§ What you will do: Reproduction of part of the material below, pictures omitted: copy exactly, and only, the lines starting with the one with "Coat of arms" and going on through the one with "Bazı basın yayın".

§ Provided entries:

▼

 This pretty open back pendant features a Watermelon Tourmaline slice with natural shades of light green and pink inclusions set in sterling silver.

▲
▼

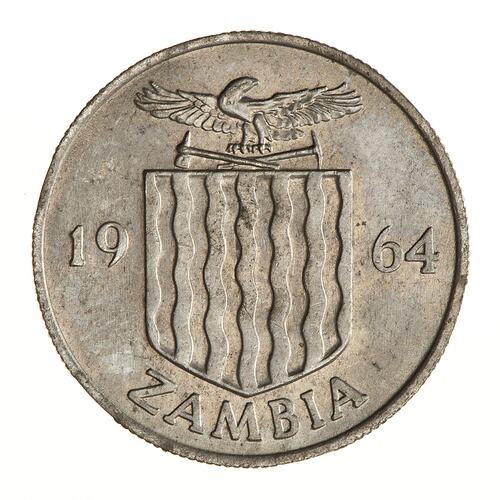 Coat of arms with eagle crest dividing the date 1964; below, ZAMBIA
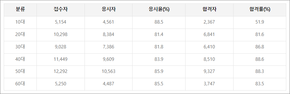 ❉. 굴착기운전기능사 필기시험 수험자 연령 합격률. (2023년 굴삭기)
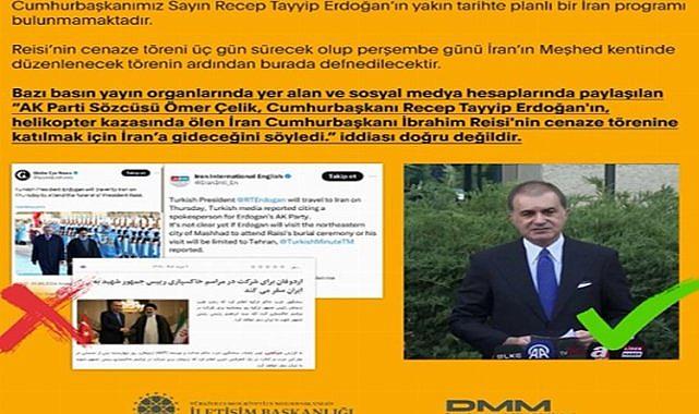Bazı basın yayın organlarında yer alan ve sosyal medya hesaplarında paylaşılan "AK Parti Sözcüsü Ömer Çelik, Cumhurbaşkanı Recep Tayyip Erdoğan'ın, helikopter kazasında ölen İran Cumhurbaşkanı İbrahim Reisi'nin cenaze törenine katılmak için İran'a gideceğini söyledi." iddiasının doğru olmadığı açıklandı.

▲
▼

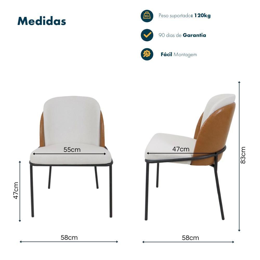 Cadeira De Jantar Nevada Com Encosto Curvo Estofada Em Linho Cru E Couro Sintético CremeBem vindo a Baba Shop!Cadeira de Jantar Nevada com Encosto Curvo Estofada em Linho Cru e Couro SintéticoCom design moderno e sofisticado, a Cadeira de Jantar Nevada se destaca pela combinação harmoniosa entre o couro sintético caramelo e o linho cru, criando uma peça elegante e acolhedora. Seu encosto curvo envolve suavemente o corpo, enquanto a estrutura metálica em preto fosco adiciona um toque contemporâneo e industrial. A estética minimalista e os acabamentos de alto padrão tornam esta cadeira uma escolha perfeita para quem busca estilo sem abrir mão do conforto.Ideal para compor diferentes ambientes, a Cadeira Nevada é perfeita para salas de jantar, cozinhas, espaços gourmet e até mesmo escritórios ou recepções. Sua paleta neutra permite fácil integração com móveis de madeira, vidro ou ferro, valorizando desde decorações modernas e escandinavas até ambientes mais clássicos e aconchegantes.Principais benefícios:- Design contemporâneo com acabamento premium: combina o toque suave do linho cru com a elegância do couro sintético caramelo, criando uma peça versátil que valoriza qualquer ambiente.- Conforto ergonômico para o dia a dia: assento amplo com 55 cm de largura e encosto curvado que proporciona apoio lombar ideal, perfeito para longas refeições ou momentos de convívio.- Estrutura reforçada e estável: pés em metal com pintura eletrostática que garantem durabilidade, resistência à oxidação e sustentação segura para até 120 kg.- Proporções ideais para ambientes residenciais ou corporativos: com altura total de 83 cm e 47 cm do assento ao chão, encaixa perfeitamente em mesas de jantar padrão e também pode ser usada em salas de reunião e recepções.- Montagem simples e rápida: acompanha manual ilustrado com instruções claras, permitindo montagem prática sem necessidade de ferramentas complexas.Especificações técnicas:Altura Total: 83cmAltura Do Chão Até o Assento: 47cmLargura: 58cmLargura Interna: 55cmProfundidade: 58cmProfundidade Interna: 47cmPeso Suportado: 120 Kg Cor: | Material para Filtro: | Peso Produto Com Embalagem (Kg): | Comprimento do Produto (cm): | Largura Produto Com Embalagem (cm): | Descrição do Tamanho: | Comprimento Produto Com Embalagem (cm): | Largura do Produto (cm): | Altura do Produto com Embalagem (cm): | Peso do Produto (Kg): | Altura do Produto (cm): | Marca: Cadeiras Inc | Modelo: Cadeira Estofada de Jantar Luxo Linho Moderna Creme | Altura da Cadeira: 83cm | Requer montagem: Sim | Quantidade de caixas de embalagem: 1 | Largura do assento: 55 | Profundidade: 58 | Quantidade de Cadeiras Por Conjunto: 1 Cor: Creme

▲

§ Exercise answer:
 Coat of arms with eagle crest dividing the date 1964; below, ZAMBIA
 ❉. 굴착기운전기능사 필기시험 수험자 연령 합격률. (2023년 굴삭기)
Bazı basın yayın organlarında yer alan ve sosyal medya hesaplarında paylaşılan "AK Parti Sözcüsü Ömer Çelik, Cumhurbaşkanı Recep Tayyip Erdoğan'ın, helikopter kazasında ölen İran Cumhurbaşkanı İbrahim Reisi'nin cenaze törenine katılmak için İran'a gideceğini söyledi." iddiasının doğru olmadığı açıklandı.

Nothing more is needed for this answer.